Маршалл Берман. Все твердое растворяется в воздухе. Опыт модерности. М.: Горизонталь, 2020. Содержание
Дух и буква «Манифеста Коммунистической партии»
Название книги Бермана — прямая цитата из первой главы «Манифеста Коммунистической партии» Маркса и Энгельса, которую, впрочем, не получится отыскать в каноническом русском переводе этой работы, еще в 1882 году выполненном Георгием Плехановым. «Все сословное и застойное исчезает» — так «отец русского марксизма» практически слово в слово перевел фразу из «Манифеста», которая в оригинале звучит как аlles Ständische und Stehende verdampft. Однако Берман использовал столь же канонический, но уже для английской традиции перевод Сэмюэля Мура 1888 года, где этот пассаж получил весьма вольную интерпретацию: аll that is solid melts into air.

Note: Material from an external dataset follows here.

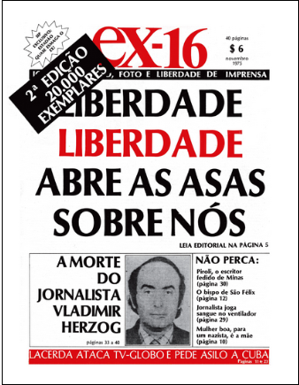 Produzido entre 1973 e 1975, com periodicidade mensal, o jornal EX- foi um dos expoentes da chamada mídia alternativa durante a ditadura militar, reconhecido por suas reportagens aprofundadas, textos ácidos e imagens provocativas. Seus vinte números, que incluem edições especiais foram reunidas pela Imprensa Oficial e Instituto Vladimir Herzog em versão fac-símilar impressa e estão disponíveis para consulta nos links abaixo.

Почему Плеханов последовал за буквой «Манифеста», а Мур попытался передать его дух, в целом понятно. Для российского читателя конца XIX века — как и для немецкого несколькими десятилетиями ранее — слово «сословный» (Ständisch) было совершенно определенным маркером, напоминавшим об устройстве современного им общества. Английское общество победившего либерального капитализма в то время, когда Мур переводил «Манифест», уже давно не было сословным, поэтому и перевод получился метафорическим.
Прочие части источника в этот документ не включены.